Tous les candidats déclarés à l'élection d'avril et mai prochains ont un projet de réforme ou y travaillent.

- "Différences" -

Parmi eux, l'ancien Premier ministre Édouard Philippe, qui n'avait pu mener à bien à Matignon la première réforme des retraites voulue par le chef de l'État - par points et avec une augmentation de l'âge pivot - en 2020, en raison du Covid, défend un report de l'âge légal au delà des 64 ans votés en 2024 et suspendus depuis.

Pour maintenir l'équilibre financier du système, "la seule solution raisonnable est d'allonger la durée de vie active en repoussant l'âge de départ à la retraite à 65, 66 ou 67 ans", avait déclaré le maire du Havre en septembre 2021.

Comprise comme un projet de report à 67 ans, soit presque cinq ans de plus qu'à l'heure actuelle, la mesure colle à Édouard Philippe comme l'emblème d'un programme qu'il n'a pas encore présenté.

Lundi, en annonçant qu'il soutiendrait le maire du Havre, le ministre de la Justice Gérald Darmanin a affirmé qu'il espérait "le convaincre" de revenir sur cette mesure impopulaire.

- "Réflexion" -

La question des retraites s'est également imposée dans les discussions au sein du camp de l'actuelle favorite des sondages, Marine Le Pen.

Allié du Rassemblement national depuis les législatives anticipées de 2024, Éric Ciotti (UDR) a espéré dimanche "une évolution" du RN sur le relèvement de l'âge légal de départ.

Pour lui, non seulement "il faudra travailler plus longtemps" mais il souhaite aussi "ajouter un étage de capitalisation" au système actuel par répartition.

Or Marine Le Pen défendait encore avant l'été un retour aux 62 ans, voire 60 ans pour ceux qui ont commencé à travailler tôt, et ouvrait seulement la porte à une part de capitalisation "volontaire".

Une ligne qui ne convainc pas non plus le président du parti Jordan Bardella, dont les positions sur le sujet étaient plus proches de celles de l'UDR.

"Je sais que c'est un sujet qui, chez eux, est en cours de réflexion et qui, je l'espère, marquera une évolution par rapport aux positions passées", a affirmé Éric Ciotti.

- "Tous les retraités"-

Quant au gouvernement, plongé dans l'élaboration d'un budget 2027 dont l'adoption s'annonce plus que délicate dans une Assemblée fracturée à quelques mois de l'échéance présidentielle, il a relancé l'idée d'un gel partiel des pensions pour les plus aisés afin de freiner les dépenses.

S'il a promis de "préserver les retraités les plus modestes", le ministre des Finances Roland Lescure touche à un sujet sensible, sur lequel nombre de ses prédécesseurs se sont cassé les dents.

Les retraités votant davantage que les actifs, la question d'une moindre revalorisation des pensions est systématiquement rejetée par tous les camps politiques d'opposition.

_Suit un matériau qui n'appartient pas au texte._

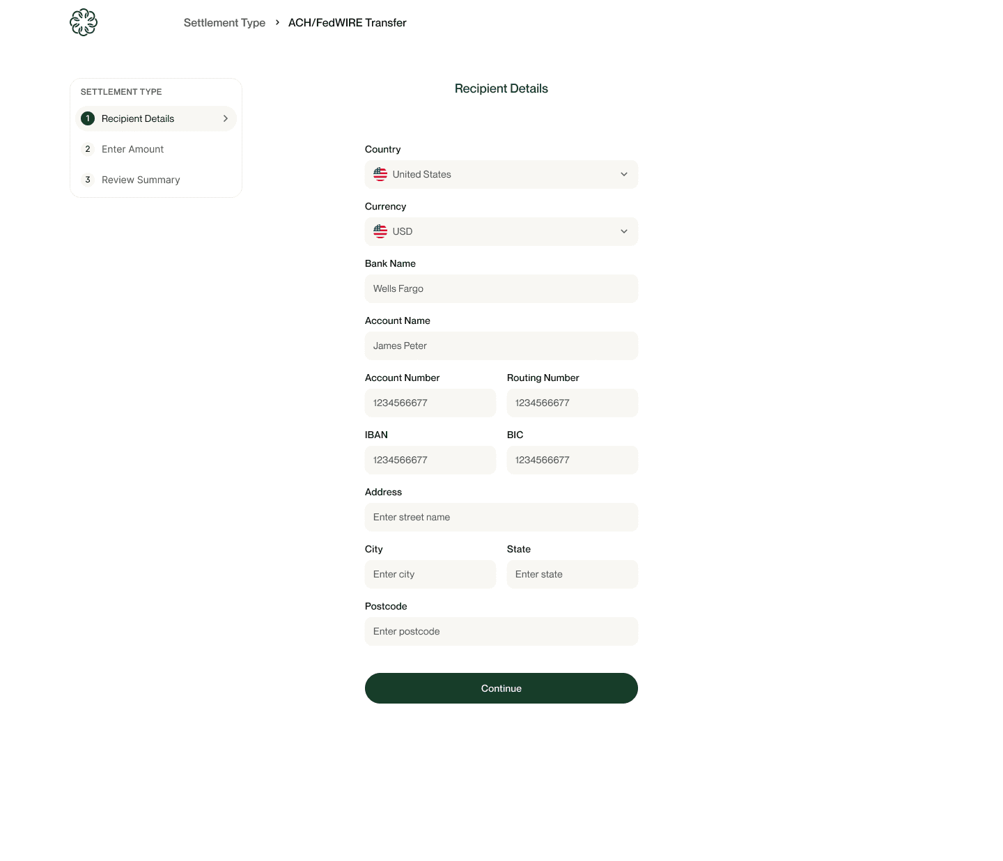 Dynamic Virtual Account: Upon confirmation, the system generates a one-time bank account number for the user to transfer funds to (simulating a standard bank transfer).

Cette mesure de désindexation pourrait faire économiser plusieurs milliards d'euros, selon les modalités retenues. Reste à savoir quel seuil de pension serait défini et si l'opposition parlementaire laisserait passer cette nouvelle tentative.

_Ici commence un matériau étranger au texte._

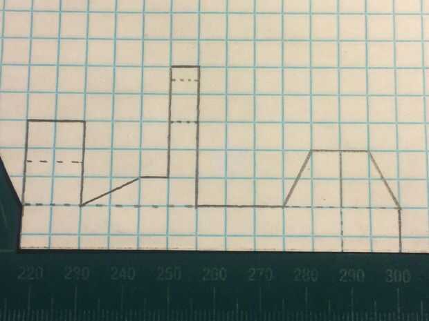 En primer lugar, comenzar por plegamiento eres tu papel milimetrado en la mitad (excepto tres cajas en el lado perforado). Una vez que el papel ha sido doblado adecuadamente, hacer dos marcas--11 cajas completos apart (permite un cuadro más detrás de la armadura de avión). Use una regla para hacer una línea recta con una longitud de 12 cajas directamente a 1 fila de cajas de las dos marcas que acaba de hacer. Luego realizar los estabilizadores, largueros y contrapeso como se indica. Para evitar confusiones, se ha omitido una línea que se corta a lo largo de la fotografía.

Pas du côté de La France insoumise en tout cas. "Le gouvernement nous dit qu'on peut faire 6 milliards d'euros d'économies", a pesté mardi le député Manuel Bompard. "Si vous décidez de ne pas indexer la pension de retraite des personnes qui gagnent plus de 2.500 euros nets de retraite, vous avez une recette à peu près de 1,5 milliard d'euros", a-t-il argué, alertant sur une mesure qui toucherait en réalité "tous les retraités".